Two-factor ANOVA of data for each of the other histological parameters in the cecum revealed significant differences among strains (Table 2). C3H/HeJBir was the most susceptible strain to DSS-induced lesions in the cecum, as indicated by the highest value for each parameter, whereas NON/LtJ, NON.H2g7, and 129/SvPas were the most resistant strains, showing consistently low values. Based on morphometric data (extent of ulceration) and on total score obtained from the cecum, decreasing susceptibility was observed in strains C3H/HeJBir, C3H/HeJ, NOD-scid, NOD/LtJ, DBA/2J, C57BL/6J, NON.H2g7, NON/LtJ, and 129/SvPas (Table 2). There was no significant sex effect or significant interactions between strain and sex.

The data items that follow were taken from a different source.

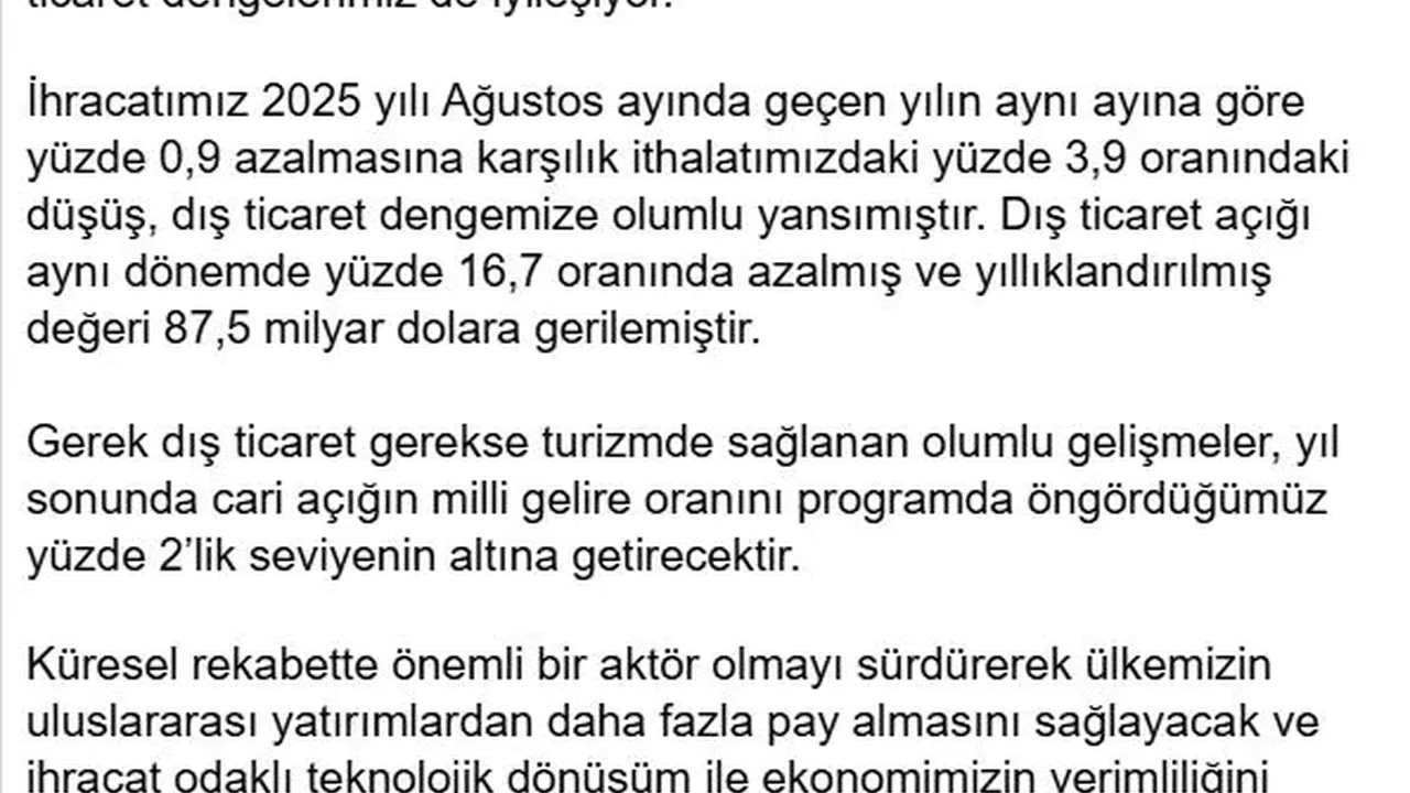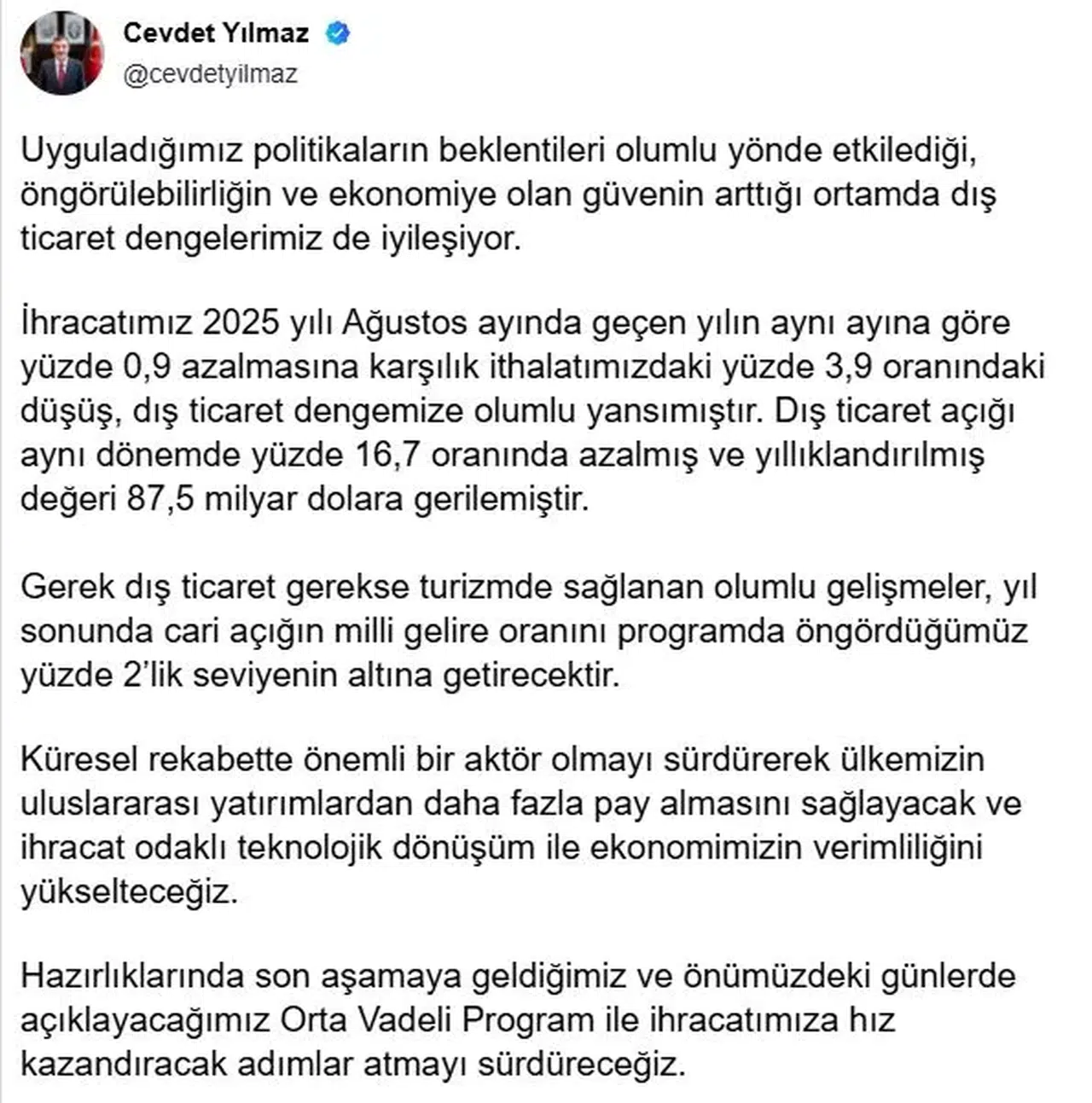 Cumhurbaşkanı Yardımcısı Cevdet Yılmaz, dış ticaret istatistiklerine ilişkin NSosyal hesabından açıklama yaptı. Yılmaz, "Uyguladığımız politikaların beklentileri olumlu yönde etkilediği, öngörülebilirliğin ve ekonomiye olan güvenin arttığı ortamda dış ticaret dengelerimiz de iyileşiyor. İhracatımız 2025 yılı Ağustos ayında geçen yılın aynı ayına göre yüzde 0,9 azalmasına karşılık ithalatımızdaki yüzde 3,9 oranındaki düşüş, dış ticaret dengemize olumlu yansımıştır. Dış ticaret açığı aynı dönemde yüzde 16,7 oranında azalmış ve yıllıklandırılmış değeri 87,5 milyar dolara gerilemiştir. Gerek dış ticaret gerekse turizmde sağlanan olumlu gelişmeler, yıl sonunda cari açığın milli gelire oranını, programda öngördüğümüz yüzde 2'lik seviyenin altına getirecektir. Küresel rekabette önemli bir aktör olmayı sürdürerek, ülkemizin uluslararası yatırımlardan daha fazla pay almasını sağlayacak ve ihracat odaklı teknolojik dönüşüm ile ekonomimizin verimliliğini yükselteceğiz. Hazırlıklarında son aşamaya geldiğimiz ve önümüzdeki günlerde açıklayacağımız Orta Vadeli Program ile ihracatımıza hız kazandıracak adımlar atmayı sürdüreceğiz" ifadelerini kullandı.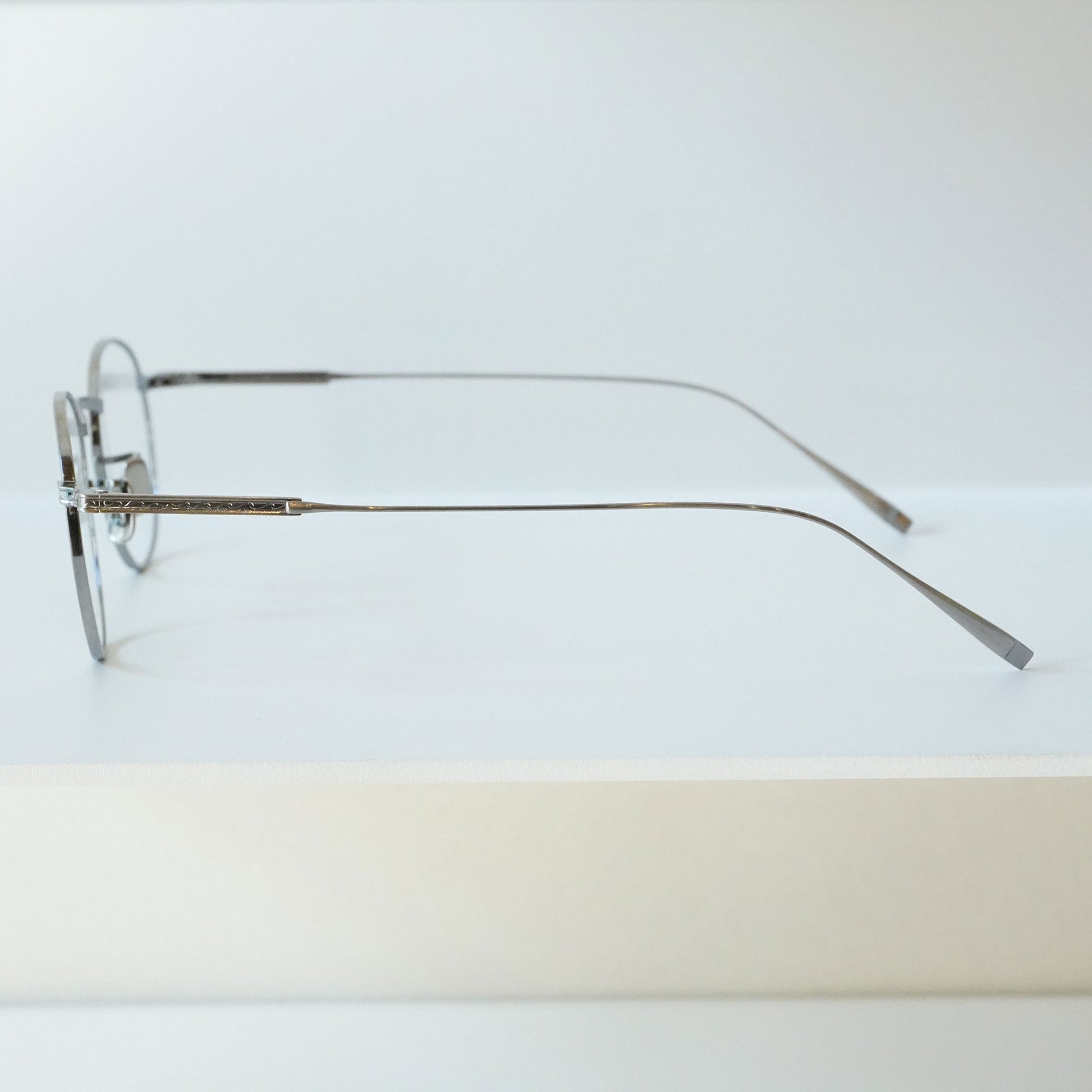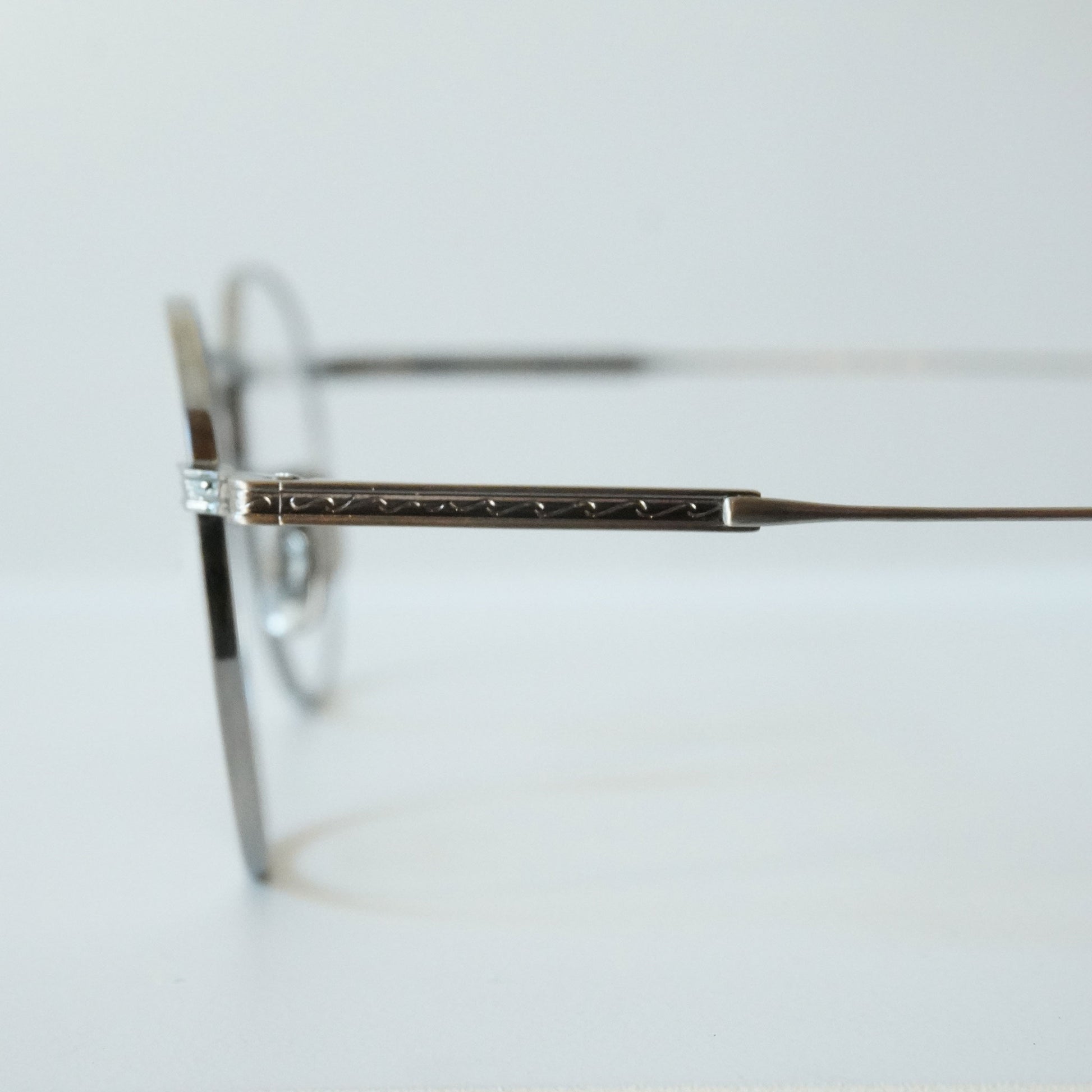 キュビズムを生んだ20世紀の天才画家のスケッチから着想を得たモデル。その手描きの波のような繊細な稜線を手彫り職人の中村氏により忠実にプロダクトに投影させた。テンプルは機構的な要件に応じて、ピュアチタンとβチタンを最適配置しロウ付けにより結合。その巨匠のポートレイトに直接描き上げた印象的な玉型をフロントデザインに採用し、全体像としての文脈的な整合性を確保した。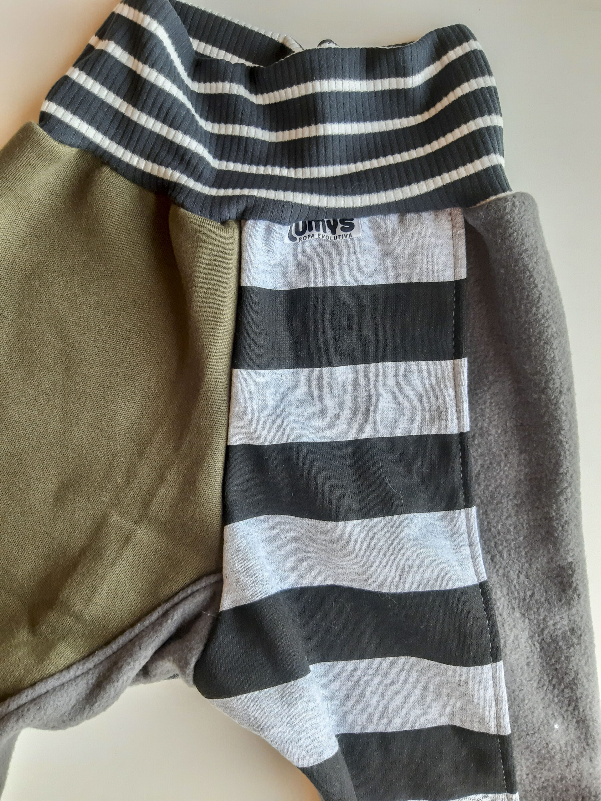 No tienen elástico, sólo puños que ajustan y no aprietan, sino todo lo contrario contienen amorosamente su pancita. Éstos mismos puños permiten que el pantalón sea evolutivo doblando y desdoblando a medida que crece tu bebé.
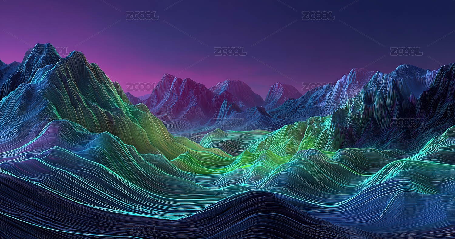 山丘,全息,未来,数字,景观,光芒,虹彩,环境,科幻,极简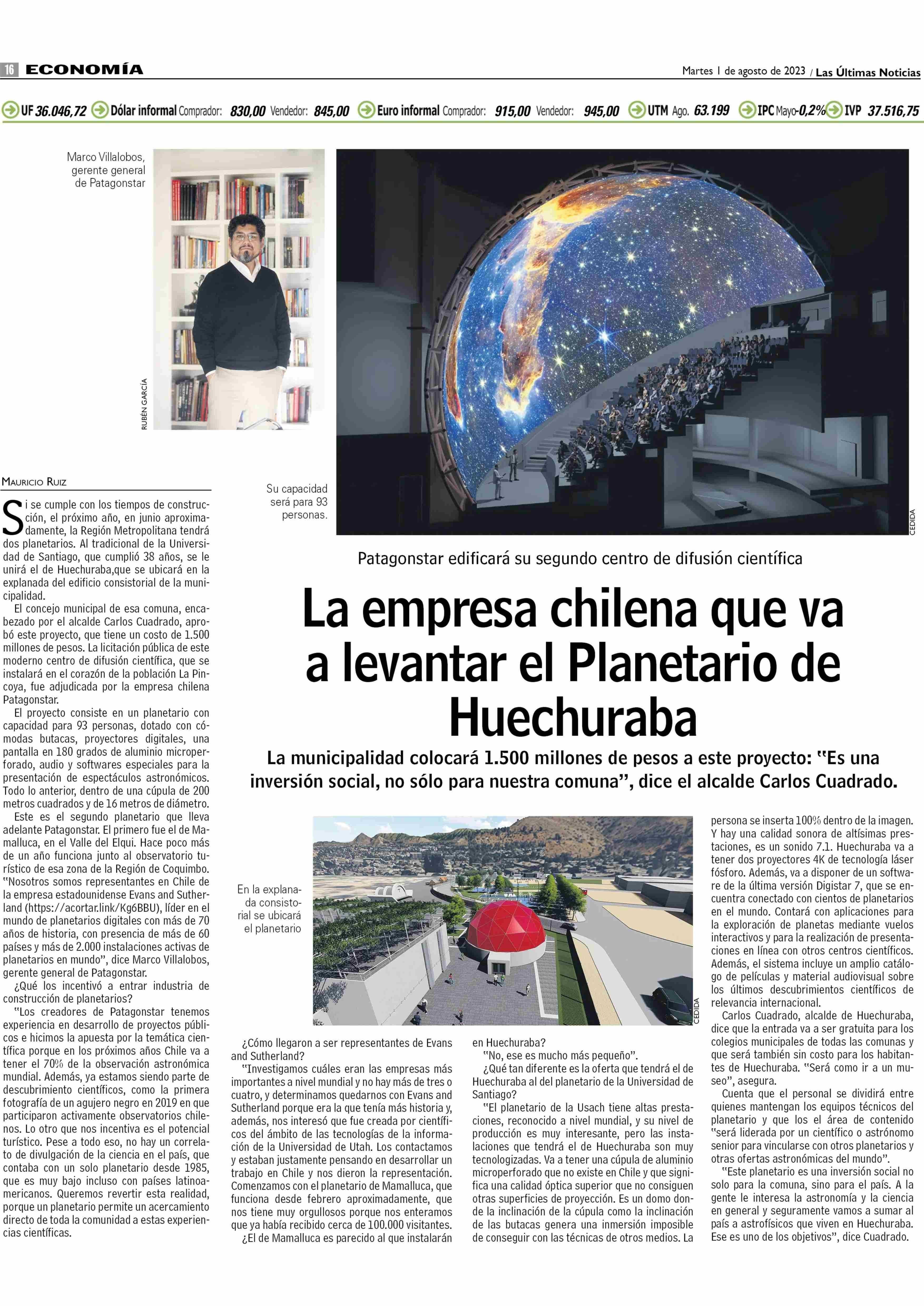 La empresa chilena que va a levantar el Planetario de Huechuraba 01-08-2023 Las Últimas Noticias |

Comparison of histological lesions in the colon. Histological scoring data obtained from the colons are presented in Tables 1, 3, and 4. Strains C3H/HeJBir, C3H/HeJ, NOD/LtJ, C57BL/6J, and 129/SvPas had a significantly higher frequency of ulceration in the colon than DBA/2J mice (Table 1). The frequency of ulceration in C3H/HeJ was also significantly higher than in NON/LtJ and NON.H2g7. Remarkably, none of the DBA/2J mice showed any ulcer formation in the colon. There was no statistically significant difference in the frequency of ulceration between sexes (data not shown).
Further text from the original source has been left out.